During this phase of the movie, Foxx pretty much holds himself in reserve, saving Django's blossoming fury for a finale in which it emerges with explosive force.

But Foxx carries a big -- and perhaps impossible -- burden here: He's not only playing a character, he's illustrating ideas about the ways in which blacks have been portrayed on screen with a view, one supposes, toward ultimately subverting such stereotypical images.

To rescue Broomhilda, Django and Dr. Schultz must invade the preposterously named Candieland, a massive planation owned by DiCaprio's Calvin Candie, a plutocrat who enjoys watching dogs tear apart runaway slaves, has a black mistress and forces strapping black men to fight to the death for his personal amusement.

Schultz and Django concoct a ruse that gains them entry into Candieland. They pretend to want to buy a fighter of their own. They hope that Candie will include Broomhilda as an add-on, someone with whom the German-born Schultz can enjoy chatting in his native tongue.

Once in Candieland, Django and Schultz also encounter Stephen (Samuel L. Jackson), a house slave whose speech and inflections recall Jules, the character Jackson played in Tarantino's Pulp Fiction. Stephen, who has served the Candie family for years, isn't outwardly subservient, but he knows where his Big House bread is buttered. He remains loyal to his master.

Tarantino builds tension, and some of the scenes in Django Unchained are beautifully executed, DiCaprio, Waltz, Foxx and others at a tense formal dinner in Candieland, for example.

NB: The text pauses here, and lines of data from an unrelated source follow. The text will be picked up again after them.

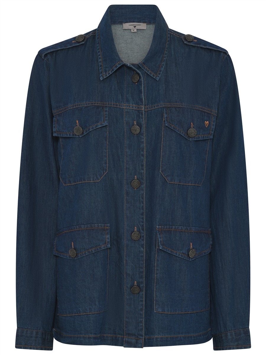 Jakken er gennemknappet med 4 påsyede lommer foran.
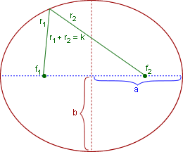L'ellisse è una figura geometrica in cui, per ogni punto del contorno, la somma delle distanze r1 e r2 da due punti fissi detti fuochi è la stessa. Il segmento che passa per i due fuochi è detto asse maggiore mentre quello ad esso perpendicolare e passante per il centro, asse minore.
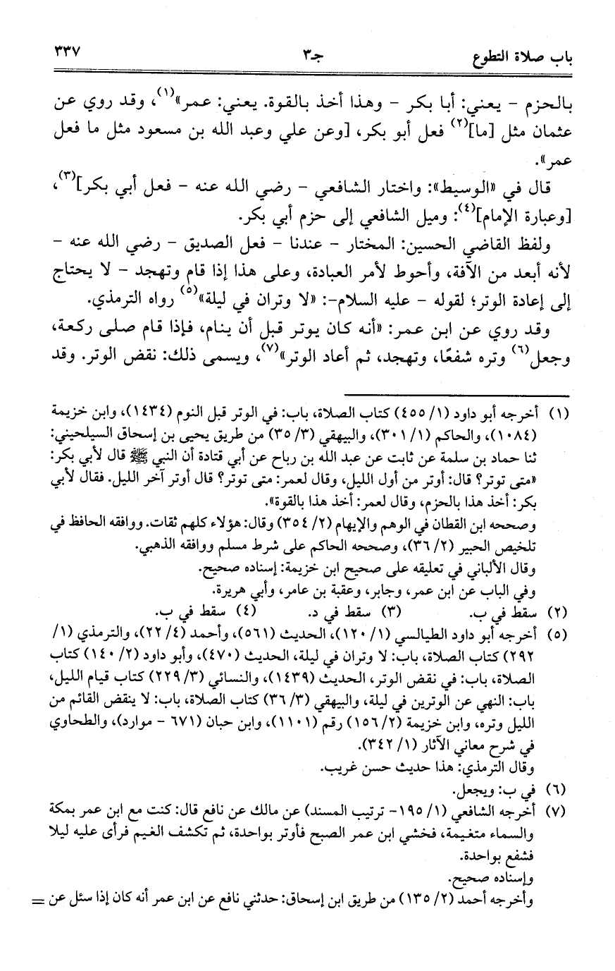 ولفظ القاضي الحسين: المختار -عندنا- فعل الصديق- رضي الله عنه- لأنه أبعد من الآفة، وأحوط لأمر العبادة، وعلى هذا إذا قام وتهجد -لا يحتاج إلى إعادة الوتر؛ لقوله -عليه السلام-:"ولا وتران في ليلة" رواه الترمذي.
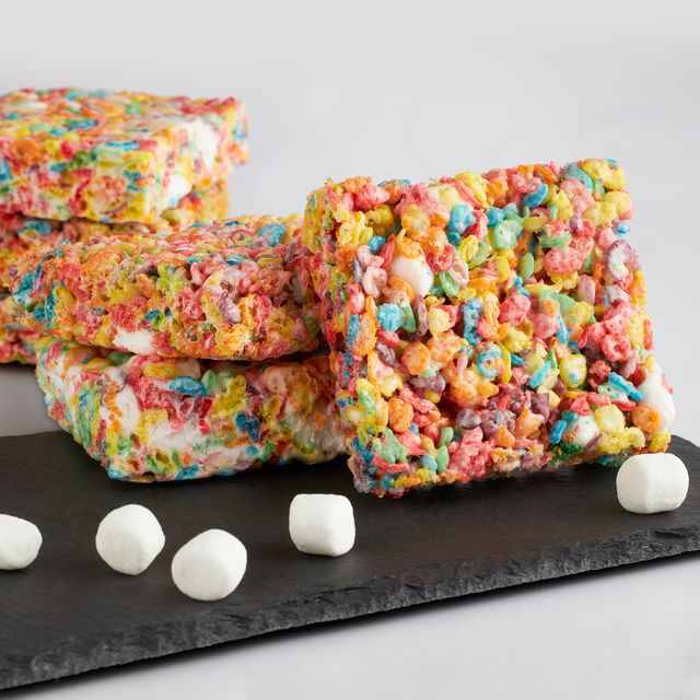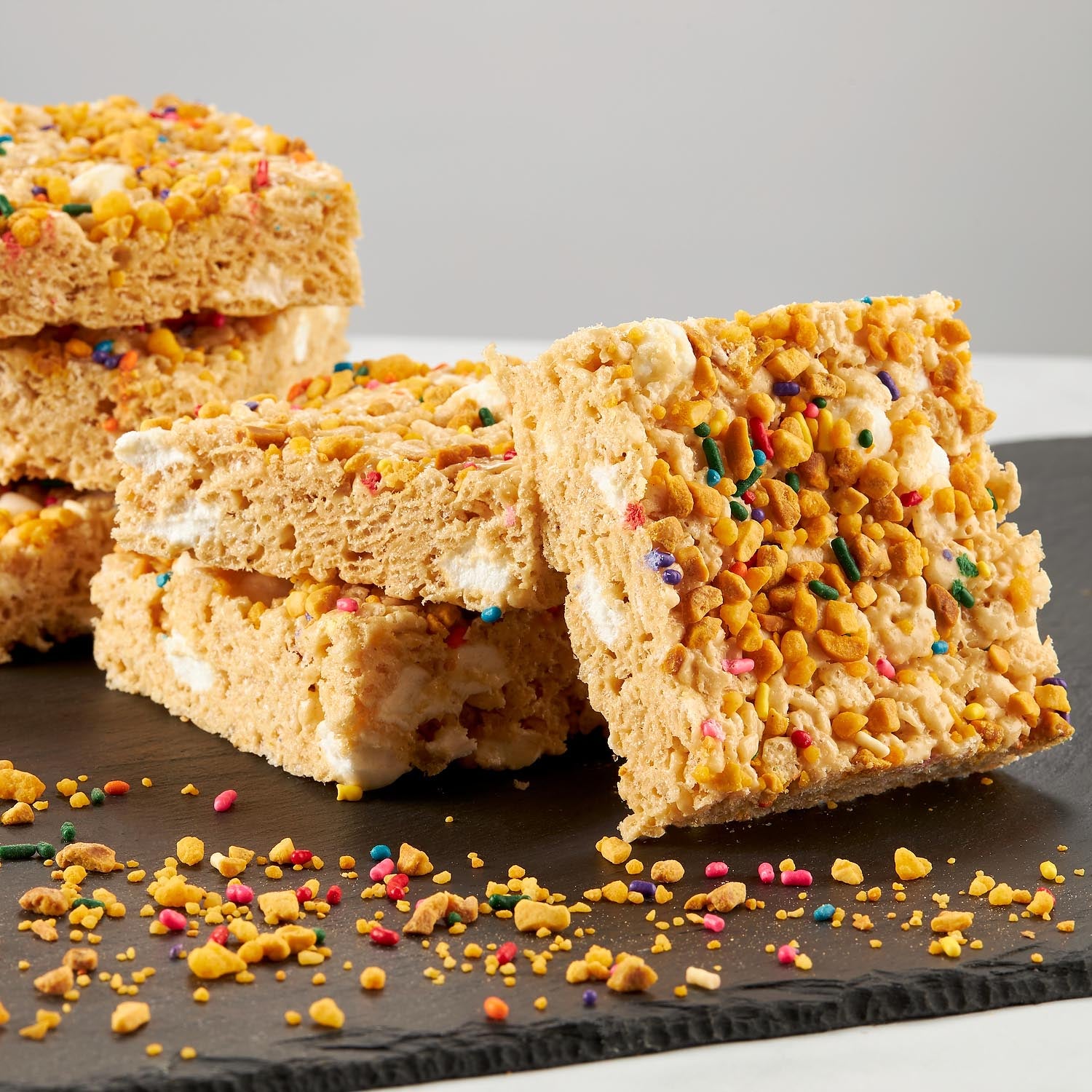 New! A delightful twist on our Original Crispie, bursting with vibrant colors and fruity flavors. This confection is a playful combination of marshmallows and Fruity Pebbles!
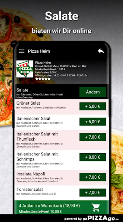 In Frankfurt am Main you can also order delicious mouth-watering salads from Pizza Heim Delicious & vital salads with fresh vegetables are offered by Pizza Heim. You can get chicken salad, Italian salad with shrimp at Pizza Heim for € 8.00, Insalata Contadina for a fabulous € 10.00, Insalata Marina brings you the delivery service for € 15.00 & tomato salad is available for € 5.

Enjoyable in bits and pieces Django Unchained is another off-the-hook helping of Tarantino. If you want to take the movie seriously, you can argue that Tarantino is playing around with film iconography from several generations of "B" and mainstream movies, although that may make Django Unchained a tough talking entertainment for cinema geeks. You also can look at it as a full-blown exercise in absurdity or as a simple revenge saga.

But whatever it aspires to be, Django Unchained felt a little old hat to me, Tarantino strutting his stuff in another genre playground. And by now, Tarantino movies have acquired an almost clubby aura in which cinematic in-jokes, outré slices of violence and ample helpings of the "MF" word act as signifiers of a brand of movie "cool" that forgives every indulgence and all manner of cruelty, so long as the tables eventually are turned.

But the trouble with revisionist revenge sagas is that they don't really loosen the grip of the past; they take aim at images and play with situations we know from other movies, often standing them on their heads. The whole business is a bit like shooting at ghosts. You make a lot of noise, but, in the end, you have to wonder whether you've actually hit anything.